Everything from the line with "Exit – Cama" to the line with "1. ΦΕΚ 8/A, 1997 http://www.et.gr/" in the listing below, both lines included, needs to be copied exactly, apart from the pictures.

▶ GIVEN RECORDS:

——

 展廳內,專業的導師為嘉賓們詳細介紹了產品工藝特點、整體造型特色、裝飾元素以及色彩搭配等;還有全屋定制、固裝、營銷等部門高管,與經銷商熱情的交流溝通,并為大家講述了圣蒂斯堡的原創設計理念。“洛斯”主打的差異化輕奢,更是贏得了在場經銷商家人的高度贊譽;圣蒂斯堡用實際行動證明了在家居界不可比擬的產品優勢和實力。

——

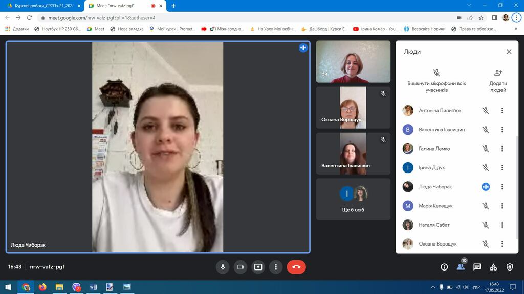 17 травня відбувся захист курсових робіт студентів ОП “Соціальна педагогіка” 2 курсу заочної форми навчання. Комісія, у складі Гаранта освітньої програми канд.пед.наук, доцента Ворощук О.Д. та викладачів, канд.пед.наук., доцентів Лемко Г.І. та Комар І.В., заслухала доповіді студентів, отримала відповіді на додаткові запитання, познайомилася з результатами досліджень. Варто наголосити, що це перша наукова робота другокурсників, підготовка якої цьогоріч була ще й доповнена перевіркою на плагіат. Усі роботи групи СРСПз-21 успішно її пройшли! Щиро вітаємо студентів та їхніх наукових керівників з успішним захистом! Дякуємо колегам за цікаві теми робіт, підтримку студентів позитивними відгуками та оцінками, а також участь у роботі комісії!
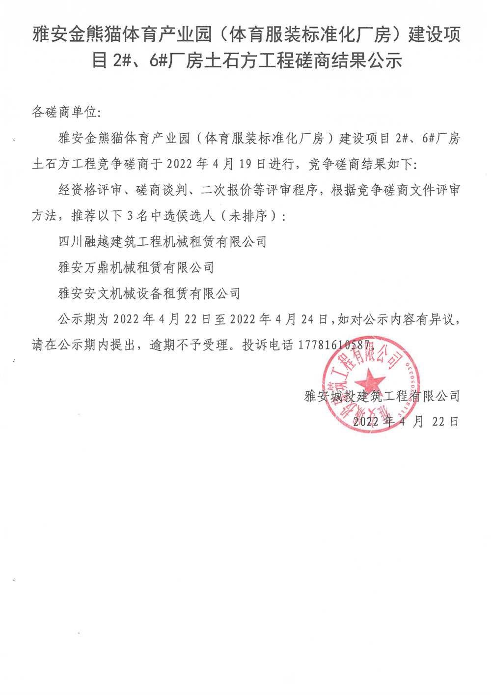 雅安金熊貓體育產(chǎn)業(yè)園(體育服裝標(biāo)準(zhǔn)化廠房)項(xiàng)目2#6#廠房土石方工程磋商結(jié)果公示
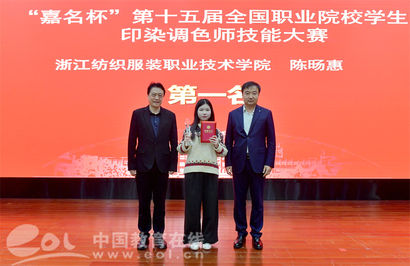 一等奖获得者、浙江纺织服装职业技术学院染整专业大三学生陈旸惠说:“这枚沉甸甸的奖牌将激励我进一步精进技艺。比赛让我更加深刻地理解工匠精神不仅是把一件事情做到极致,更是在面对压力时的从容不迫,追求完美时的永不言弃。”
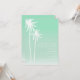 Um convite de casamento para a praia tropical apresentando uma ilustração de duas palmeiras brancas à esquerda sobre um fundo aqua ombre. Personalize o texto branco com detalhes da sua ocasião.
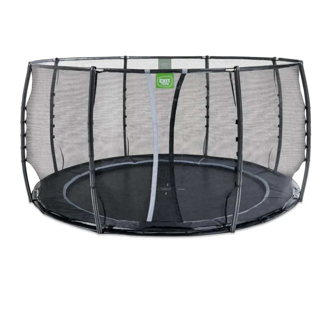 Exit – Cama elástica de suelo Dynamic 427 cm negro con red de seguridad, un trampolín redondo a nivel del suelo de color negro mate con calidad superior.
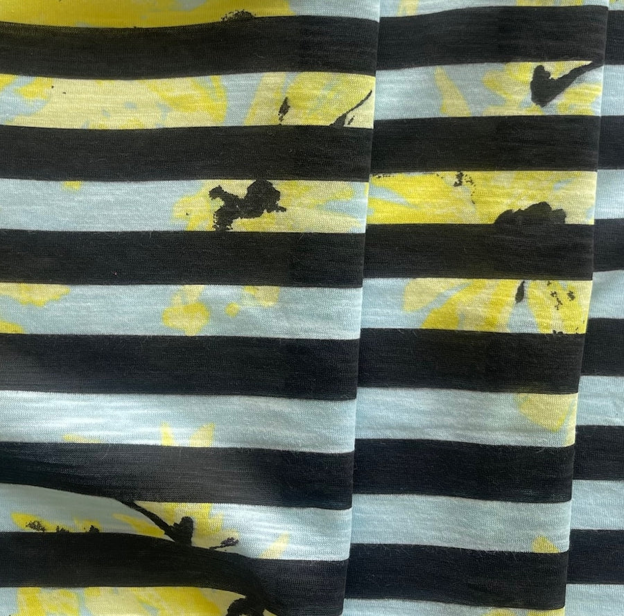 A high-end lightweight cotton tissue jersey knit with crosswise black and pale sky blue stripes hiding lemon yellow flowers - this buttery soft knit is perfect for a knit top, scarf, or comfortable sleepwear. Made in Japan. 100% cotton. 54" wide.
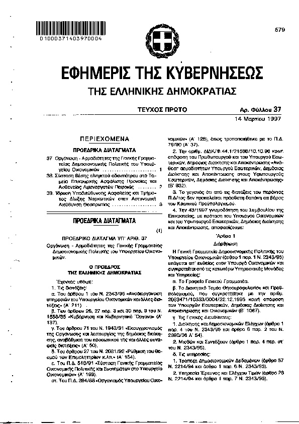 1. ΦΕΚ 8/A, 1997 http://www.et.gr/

——

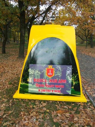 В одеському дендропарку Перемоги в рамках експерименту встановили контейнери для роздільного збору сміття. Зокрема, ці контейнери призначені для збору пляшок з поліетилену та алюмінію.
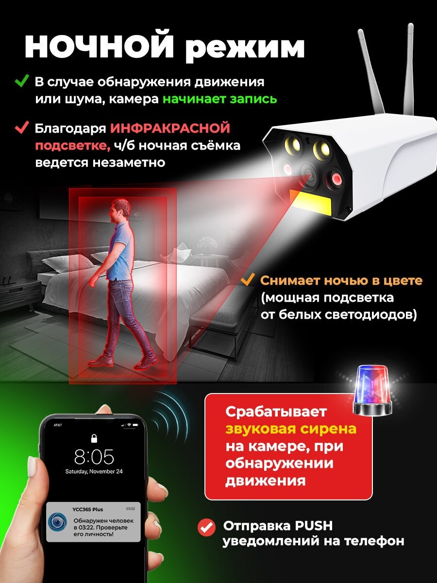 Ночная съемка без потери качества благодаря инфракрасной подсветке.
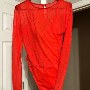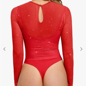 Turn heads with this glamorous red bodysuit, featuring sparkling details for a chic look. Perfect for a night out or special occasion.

——

▶ ANSWER TO THIS EXERCISE:
 Exit – Cama elástica de suelo Dynamic 427 cm negro con red de seguridad, un trampolín redondo a nivel del suelo de color negro mate con calidad superior.
 A high-end lightweight cotton tissue jersey knit with crosswise black and pale sky blue stripes hiding lemon yellow flowers - this buttery soft knit is perfect for a knit top, scarf, or comfortable sleepwear. Made in Japan. 100% cotton. 54" wide.
 1. ΦΕΚ 8/A, 1997 http://www.et.gr/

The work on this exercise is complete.